58' - @ORLPride's Marta adds her second goal of the night with beautiful assist from @alexmorgan13. #ORLvNJ
— NWSL (@NWSL) August 13, 2017
5 - 0 pic.twitter.com/yku6LRc9rS
Saturday's win was huge for Orlando for a bunch of reasons. Putting up five against — and shutting out — one of the league’s best teams is a big deal. The Pride got to give the retiring Maddy Evans a proper sendoff in her final game for the club. Ashlyn Harris returned after missing 11 games due to injury, making three saves to earn the clean sheet. Biggest of all though was that the win put Orlando, for the first time probably since everyone had zero points, into the top four.
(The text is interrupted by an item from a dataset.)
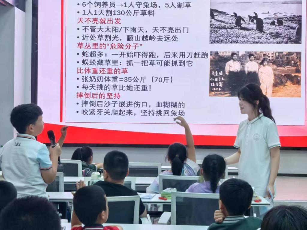 参观结束后,实践队员们为中心内的学生们带来了一场主题为“闪闪发光的大陈岛精神”的宣讲。宣讲紧扣“艰苦创业、奋发图强、无私奉献、开拓创新”这十六字垦荒精神内核,同时深情讲述了张菊莲和陈显坤两位垦荒英雄的感人故事,同学们积极互动现场气氛热烈。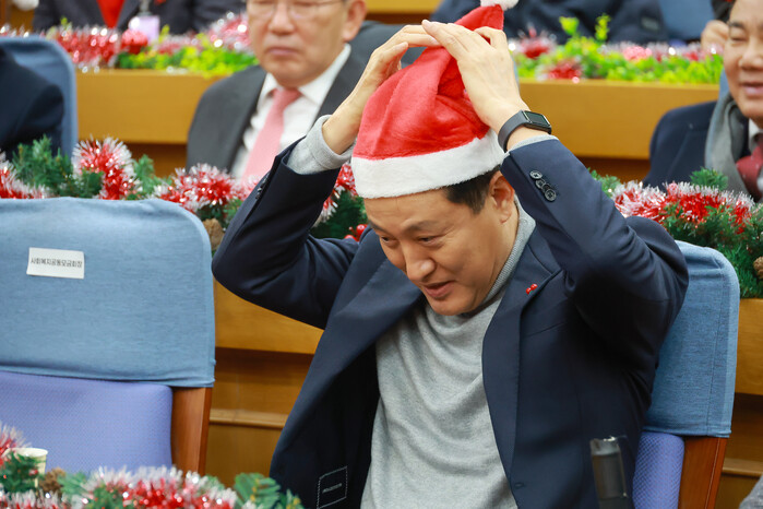 | ▲ 오세훈 서울시장이 22일 국회의원회관에서 국민의힘 서울시당이 연 사랑의 기부금 모금 전달식에 참석해 산타 모자를 쓰고 있다. 2025.12.22 (사진=연합뉴스) |

Orlando now has six games remaining, but with a two point lead on fifth place Seattle, a schedule that includes two games against Boston and one against FC Kansas City, and the best version of Alex Morgan that we’ve seen in a long time, that shaky start to the season has, finally, given way to the playoffs being a real possibility.
One of the coolest things about the NWSL is that largely the star players aren’t who you’d expect. The names we know as impact players here mostly aren’t the USWNT’s biggest stars, or if they are, it is from some breakout stuff they did in the league first that got them there. The names we most often find ourselves repeating here are ones like McCall Zerboni, who’s never been with the USWNT, or those of Lynn Williams, Jess McDonald and now Taylor Smith, all ending up on Jill Ellis’ radar after doing some solid work for their club teams. Sometimes, they’re not American, and thus weren’t as recognizable to most of us and our USWNT-centric brains before. Now though, we all know Sam Kerr, Nahomi Kawasumi, Jess Fishlock and Kim Little.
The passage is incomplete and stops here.